**Provided material:**
__________________________________________________
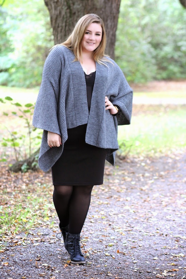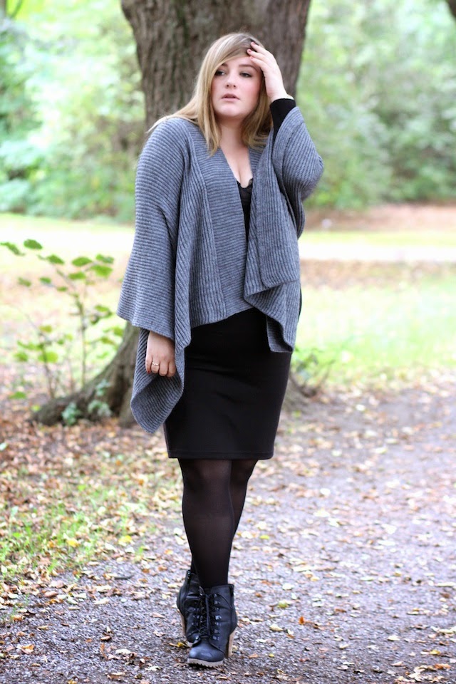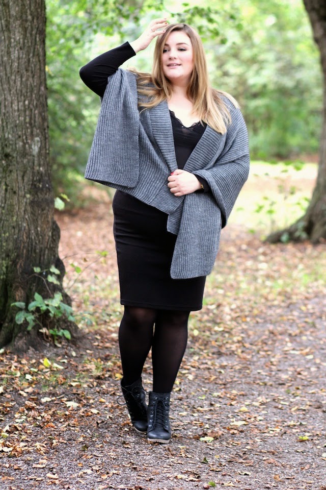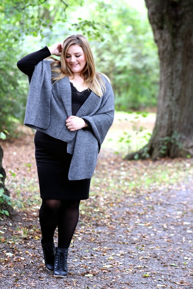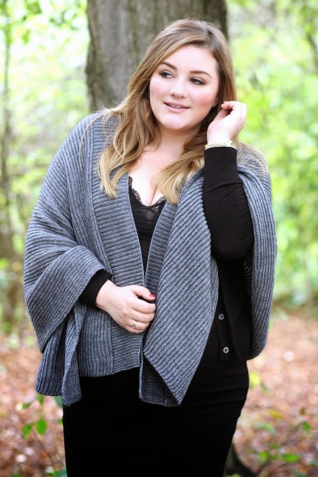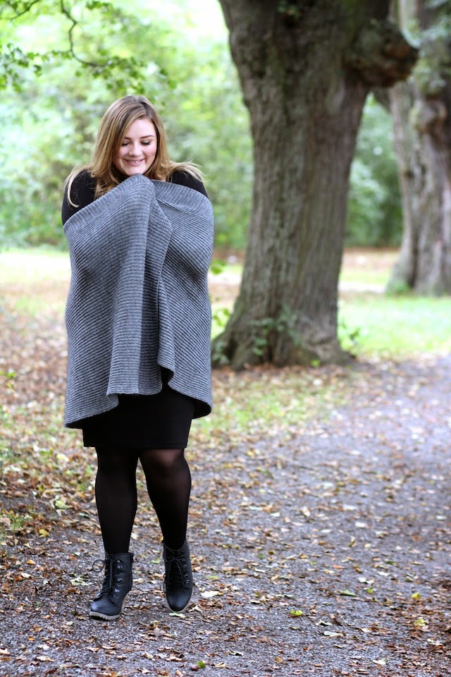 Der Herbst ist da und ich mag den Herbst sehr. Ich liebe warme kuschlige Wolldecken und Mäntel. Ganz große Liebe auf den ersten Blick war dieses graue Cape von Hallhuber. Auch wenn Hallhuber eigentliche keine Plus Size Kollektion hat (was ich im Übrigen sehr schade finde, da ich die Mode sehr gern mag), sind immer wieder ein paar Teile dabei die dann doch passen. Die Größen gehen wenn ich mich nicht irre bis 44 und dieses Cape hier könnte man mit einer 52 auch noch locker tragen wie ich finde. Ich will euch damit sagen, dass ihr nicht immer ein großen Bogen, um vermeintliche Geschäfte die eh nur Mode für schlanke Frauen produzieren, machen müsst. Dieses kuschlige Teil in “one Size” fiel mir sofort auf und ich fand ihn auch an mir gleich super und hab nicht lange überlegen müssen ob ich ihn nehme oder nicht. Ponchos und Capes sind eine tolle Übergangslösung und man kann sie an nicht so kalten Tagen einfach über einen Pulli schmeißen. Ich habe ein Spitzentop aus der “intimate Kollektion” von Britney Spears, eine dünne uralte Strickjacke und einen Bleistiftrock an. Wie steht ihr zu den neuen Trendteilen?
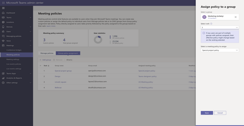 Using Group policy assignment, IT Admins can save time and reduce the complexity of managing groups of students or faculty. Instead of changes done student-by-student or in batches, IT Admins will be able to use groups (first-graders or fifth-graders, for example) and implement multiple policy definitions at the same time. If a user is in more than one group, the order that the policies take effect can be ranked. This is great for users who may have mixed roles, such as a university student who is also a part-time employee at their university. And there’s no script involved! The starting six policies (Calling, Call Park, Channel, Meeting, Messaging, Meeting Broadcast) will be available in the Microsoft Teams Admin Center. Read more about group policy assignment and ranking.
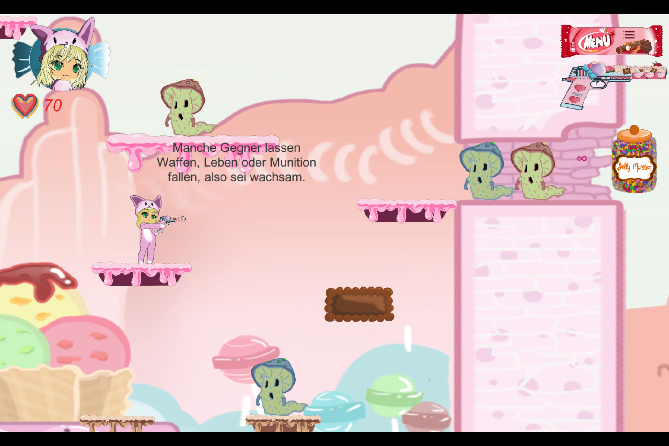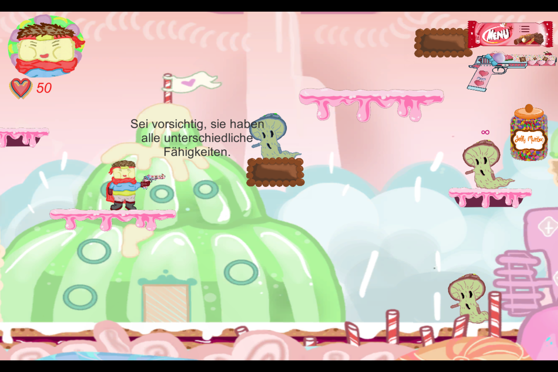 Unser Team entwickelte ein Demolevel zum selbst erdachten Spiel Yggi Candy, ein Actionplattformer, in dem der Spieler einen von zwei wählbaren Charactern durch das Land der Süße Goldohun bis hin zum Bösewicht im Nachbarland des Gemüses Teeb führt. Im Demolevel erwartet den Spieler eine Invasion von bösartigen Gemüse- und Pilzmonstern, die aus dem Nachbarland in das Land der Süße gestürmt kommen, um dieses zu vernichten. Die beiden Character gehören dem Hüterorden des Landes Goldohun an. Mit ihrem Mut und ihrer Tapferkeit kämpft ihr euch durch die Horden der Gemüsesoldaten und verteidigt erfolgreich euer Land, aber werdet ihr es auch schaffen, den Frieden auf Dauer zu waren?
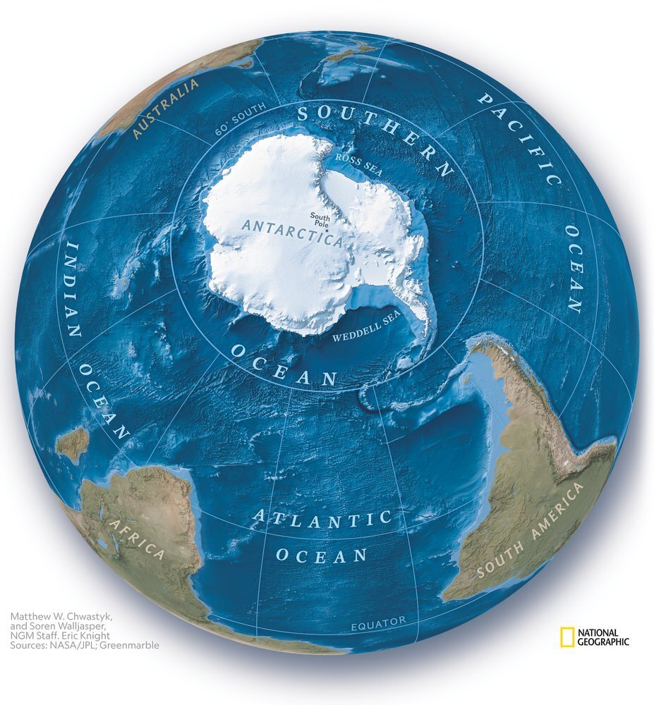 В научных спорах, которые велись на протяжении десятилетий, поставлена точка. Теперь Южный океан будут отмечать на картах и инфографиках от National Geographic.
__________________________________________________
**Work instructions:** Only the lines from the one with "Unser Team entwickelte" through the end of the listing should be transcribed, exactly and without pictures.

**Answer to this task:**
 Unser Team entwickelte ein Demolevel zum selbst erdachten Spiel Yggi Candy, ein Actionplattformer, in dem der Spieler einen von zwei wählbaren Charactern durch das Land der Süße Goldohun bis hin zum Bösewicht im Nachbarland des Gemüses Teeb führt. Im Demolevel erwartet den Spieler eine Invasion von bösartigen Gemüse- und Pilzmonstern, die aus dem Nachbarland in das Land der Süße gestürmt kommen, um dieses zu vernichten. Die beiden Character gehören dem Hüterorden des Landes Goldohun an. Mit ihrem Mut und ihrer Tapferkeit kämpft ihr euch durch die Horden der Gemüsesoldaten und verteidigt erfolgreich euer Land, aber werdet ihr es auch schaffen, den Frieden auf Dauer zu waren?
 В научных спорах, которые велись на протяжении десятилетий, поставлена точка. Теперь Южный океан будут отмечать на картах и инфографиках от National Geographic.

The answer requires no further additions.